• **ABOUT THIS TASK**:
No pictures, nothing altered: return the data below.

• **DATA SHOWN**:
* * *

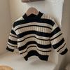 Suéter Infantil 2025 Outono e Inverno Novo Estilo Tricotado Gola Polo Estilo Coreano Suéter de Lã para Meninos Top Casual Versátil
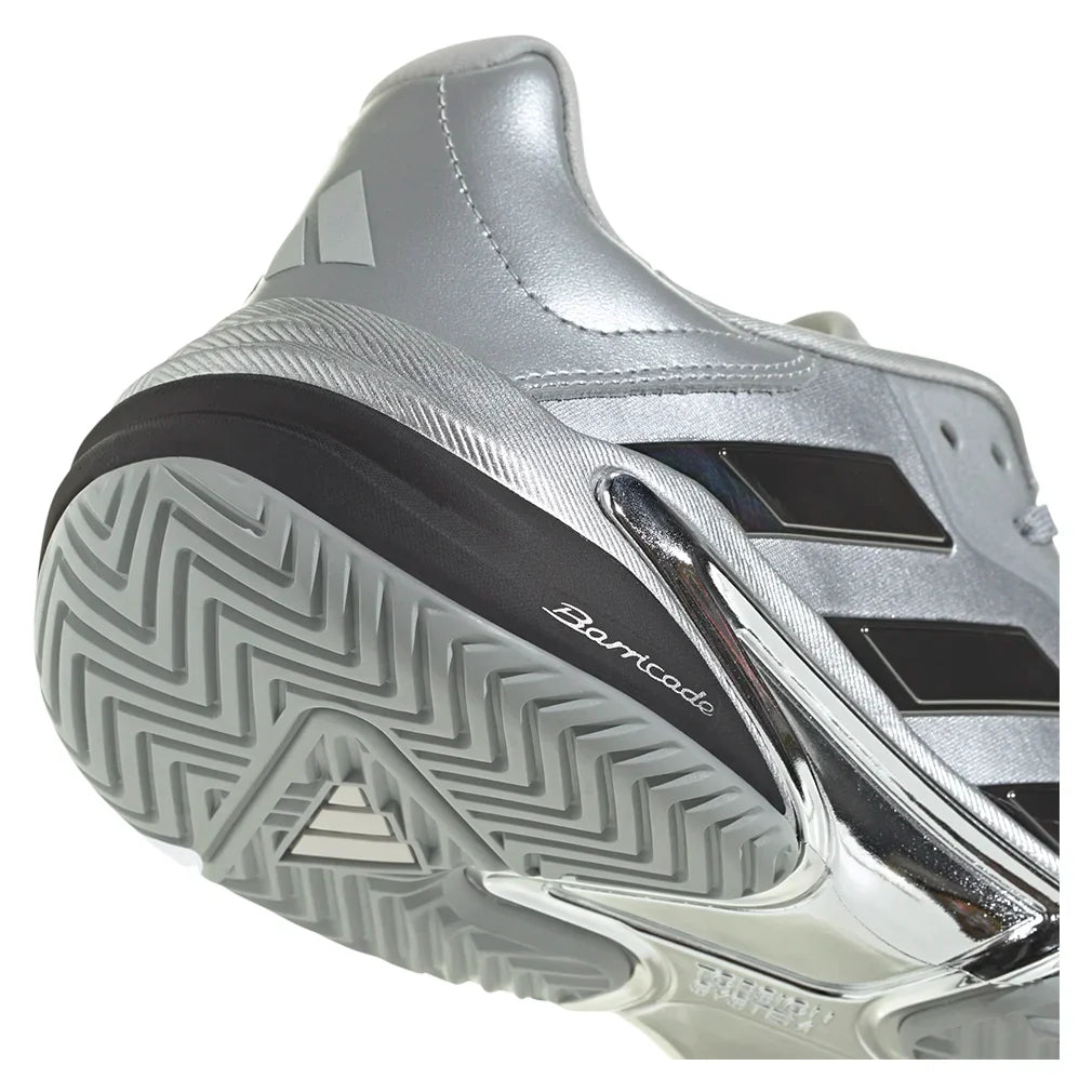 The adidas Men's Barricade 13 Silver Edition Tennis Shoe is designed for a tennis player who needs support and stability to compete at the highest level. The Barricade uses recycled BOOST material in an improved abrasion pattern for the shoes' medial upper. The tongue has been refined for a soft and stretchy feel. For torsional stability, adidas built the Barricade with a TPU midfoot shank. New in this version is a dual-density midsole construction, which places a lighter and softer foam in the heel and a firmer foam in the forefoot. This creates more lateral stability and better overall comfort. Numerous ATP and WTA touring professionals wear the Barricade. To celebrate 25 years of the Barricade, the tongue has a special "25" logo.
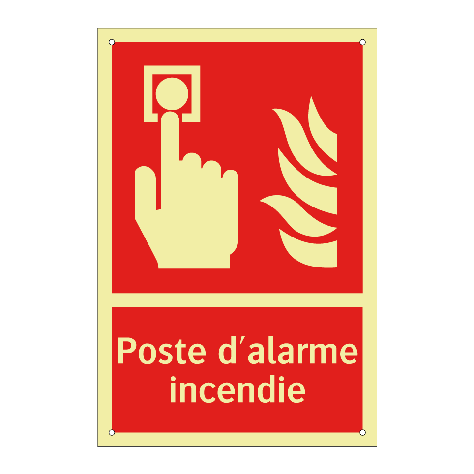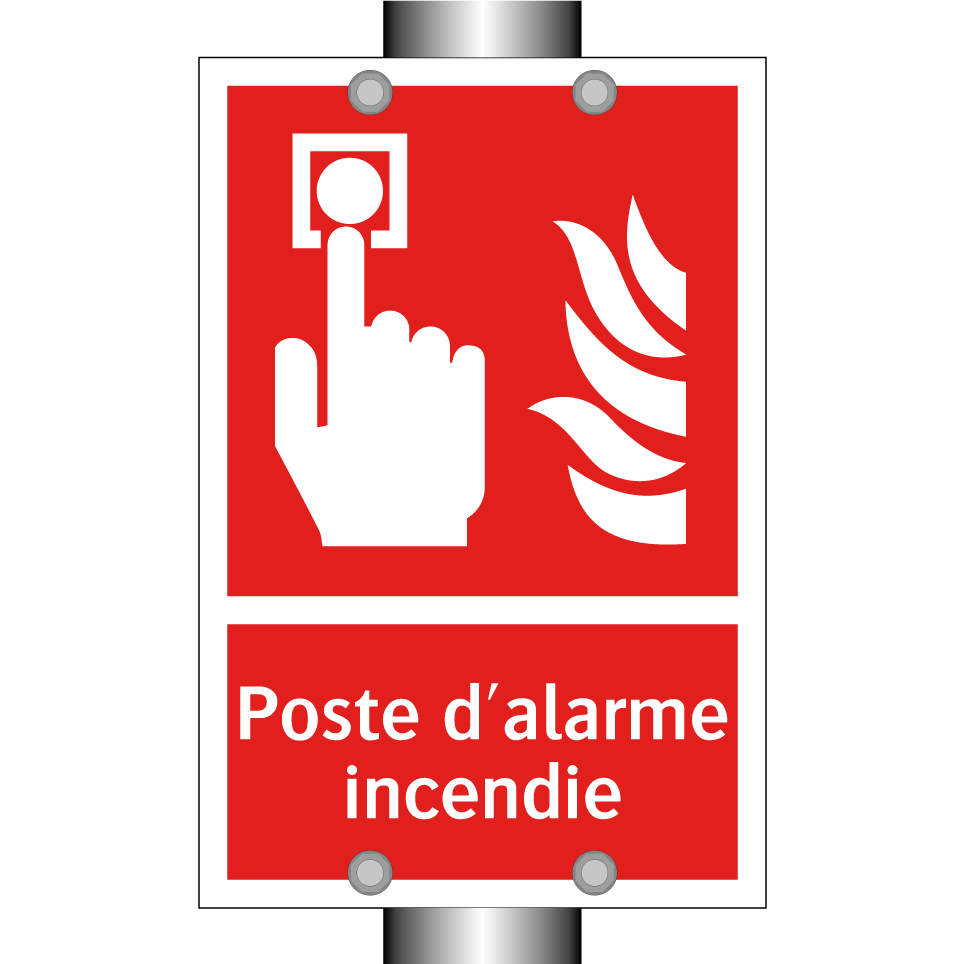 Panneau incendie avec le texte Poste d'alarme incendie et une symbolique claire

* * *

• **WRITTEN SOLUTION**:
 Suéter Infantil 2025 Outono e Inverno Novo Estilo Tricotado Gola Polo Estilo Coreano Suéter de Lã para Meninos Top Casual Versátil
 The adidas Men's Barricade 13 Silver Edition Tennis Shoe is designed for a tennis player who needs support and stability to compete at the highest level. The Barricade uses recycled BOOST material in an improved abrasion pattern for the shoes' medial upper. The tongue has been refined for a soft and stretchy feel. For torsional stability, adidas built the Barricade with a TPU midfoot shank. New in this version is a dual-density midsole construction, which places a lighter and softer foam in the heel and a firmer foam in the forefoot. This creates more lateral stability and better overall comfort. Numerous ATP and WTA touring professionals wear the Barricade. To celebrate 25 years of the Barricade, the tongue has a special "25" logo.
 Panneau incendie avec le texte Poste d'alarme incendie et une symbolique claire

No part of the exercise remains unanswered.